Ей понадобилось не менее пяти секунд, чтобы осознать смысл сказанного.

— Ты сошел с ума или это у тебя старческое? Я слышала четко и ясно, когда ты сказал мне и всему судну, что ты не касаешься меня! У меня наверняка найдутся свидетели!

— Вся команда?

— Ты сказал это достаточно громко!

— Так я лгал.

— Ах так? Ты лгал? В таком случае у меня есть для тебя новость…

— Знаешь, Джордж, у тебя есть склонность выставлять напоказ грязное белье…

— Я сделаю даже больше, дурак безмозглый! — Услышав позади смешки и хихиканье, Джорджина понизила голос до шепота: — Только попробуй… Так и знай: только попробуй — и увидишь, что потом будет.

— Звучит интригующе, но уверяю тебя, что интриговать сейчас совершенно излишне.

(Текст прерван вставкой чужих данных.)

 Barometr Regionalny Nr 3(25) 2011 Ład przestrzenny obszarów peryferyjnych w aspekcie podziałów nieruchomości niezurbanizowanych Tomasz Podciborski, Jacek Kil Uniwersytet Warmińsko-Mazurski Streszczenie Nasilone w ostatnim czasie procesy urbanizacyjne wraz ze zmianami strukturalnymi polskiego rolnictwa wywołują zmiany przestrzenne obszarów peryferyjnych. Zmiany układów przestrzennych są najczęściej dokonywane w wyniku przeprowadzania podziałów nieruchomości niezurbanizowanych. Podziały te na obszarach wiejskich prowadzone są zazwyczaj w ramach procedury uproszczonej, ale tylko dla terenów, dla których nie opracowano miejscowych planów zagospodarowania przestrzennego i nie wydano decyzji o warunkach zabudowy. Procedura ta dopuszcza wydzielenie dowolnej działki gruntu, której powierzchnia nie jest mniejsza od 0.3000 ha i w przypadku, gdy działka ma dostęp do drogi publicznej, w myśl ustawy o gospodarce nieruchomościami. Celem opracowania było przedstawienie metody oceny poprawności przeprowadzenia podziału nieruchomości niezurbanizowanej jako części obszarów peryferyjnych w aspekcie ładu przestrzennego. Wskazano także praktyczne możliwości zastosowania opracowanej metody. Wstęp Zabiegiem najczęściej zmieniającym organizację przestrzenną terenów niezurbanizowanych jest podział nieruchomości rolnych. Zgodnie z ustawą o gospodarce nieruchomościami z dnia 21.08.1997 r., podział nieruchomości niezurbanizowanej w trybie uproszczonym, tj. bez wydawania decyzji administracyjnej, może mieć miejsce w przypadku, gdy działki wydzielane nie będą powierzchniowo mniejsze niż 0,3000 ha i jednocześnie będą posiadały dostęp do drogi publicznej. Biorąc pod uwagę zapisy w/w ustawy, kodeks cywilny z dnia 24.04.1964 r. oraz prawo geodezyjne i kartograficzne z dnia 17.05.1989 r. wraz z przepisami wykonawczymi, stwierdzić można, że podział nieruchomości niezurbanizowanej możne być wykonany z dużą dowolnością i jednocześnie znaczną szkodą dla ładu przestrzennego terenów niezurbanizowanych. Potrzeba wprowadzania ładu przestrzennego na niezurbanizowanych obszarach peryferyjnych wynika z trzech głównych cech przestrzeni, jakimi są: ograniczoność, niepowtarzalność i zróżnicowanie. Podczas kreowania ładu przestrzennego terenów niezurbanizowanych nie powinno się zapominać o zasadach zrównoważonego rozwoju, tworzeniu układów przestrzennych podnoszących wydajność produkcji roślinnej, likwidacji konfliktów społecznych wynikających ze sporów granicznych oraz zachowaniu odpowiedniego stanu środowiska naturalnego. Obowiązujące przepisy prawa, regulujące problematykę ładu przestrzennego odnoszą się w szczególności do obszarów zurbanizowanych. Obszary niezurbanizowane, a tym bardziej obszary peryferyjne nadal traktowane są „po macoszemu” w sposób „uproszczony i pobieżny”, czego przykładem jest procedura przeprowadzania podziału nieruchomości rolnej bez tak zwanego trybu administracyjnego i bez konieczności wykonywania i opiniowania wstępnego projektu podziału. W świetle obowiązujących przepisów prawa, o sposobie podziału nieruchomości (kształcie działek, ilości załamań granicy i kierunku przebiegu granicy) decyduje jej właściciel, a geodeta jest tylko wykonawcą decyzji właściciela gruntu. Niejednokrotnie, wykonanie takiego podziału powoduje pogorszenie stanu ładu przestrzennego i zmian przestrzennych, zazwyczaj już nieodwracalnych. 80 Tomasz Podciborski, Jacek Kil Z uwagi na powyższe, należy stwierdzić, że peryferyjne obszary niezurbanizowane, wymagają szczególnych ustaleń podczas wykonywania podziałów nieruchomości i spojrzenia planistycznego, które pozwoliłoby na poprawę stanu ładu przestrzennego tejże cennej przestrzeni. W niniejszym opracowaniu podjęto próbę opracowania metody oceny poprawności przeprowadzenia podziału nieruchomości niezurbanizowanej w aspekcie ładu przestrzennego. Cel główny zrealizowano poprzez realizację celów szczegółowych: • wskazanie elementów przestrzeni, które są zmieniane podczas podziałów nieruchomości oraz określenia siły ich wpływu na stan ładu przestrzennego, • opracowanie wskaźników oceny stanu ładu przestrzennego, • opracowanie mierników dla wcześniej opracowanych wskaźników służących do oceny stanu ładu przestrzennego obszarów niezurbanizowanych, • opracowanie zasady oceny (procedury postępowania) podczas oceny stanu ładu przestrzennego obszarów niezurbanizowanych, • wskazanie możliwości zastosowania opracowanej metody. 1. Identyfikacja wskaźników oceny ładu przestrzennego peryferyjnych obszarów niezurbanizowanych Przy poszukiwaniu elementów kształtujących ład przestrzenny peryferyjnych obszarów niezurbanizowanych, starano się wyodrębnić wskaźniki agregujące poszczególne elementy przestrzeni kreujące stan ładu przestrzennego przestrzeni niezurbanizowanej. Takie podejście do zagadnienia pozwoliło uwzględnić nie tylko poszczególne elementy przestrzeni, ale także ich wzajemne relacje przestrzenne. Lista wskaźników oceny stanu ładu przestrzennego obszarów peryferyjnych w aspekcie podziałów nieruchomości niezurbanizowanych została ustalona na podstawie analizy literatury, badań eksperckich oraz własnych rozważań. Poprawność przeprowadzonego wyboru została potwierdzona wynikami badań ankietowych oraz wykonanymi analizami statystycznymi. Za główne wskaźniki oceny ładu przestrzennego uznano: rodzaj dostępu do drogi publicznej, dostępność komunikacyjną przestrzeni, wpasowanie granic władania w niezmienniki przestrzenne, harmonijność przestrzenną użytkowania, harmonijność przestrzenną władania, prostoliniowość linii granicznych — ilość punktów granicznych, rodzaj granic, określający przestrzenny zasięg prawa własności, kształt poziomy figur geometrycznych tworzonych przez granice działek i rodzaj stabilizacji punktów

Джорджина хорошо поняла; что он имеет в виду. Она вдруг почувствовала, как у нее предательски заныло между ног, хотя она сейчас совсем не хотела иметь дела с ним. Зачем он это делает? Они провели в море неделю, и в течение всего этого времени он лишь изредка бросал на нее неприветливые, мрачные взгляды, а чаще вообще не замечал ее. Но вот сегодня затеял этот спор в каюте, спровоцировал ее нарушить обет молчания. Если он хочет, чтобы она признала себя побежденной, то он близок к успеху.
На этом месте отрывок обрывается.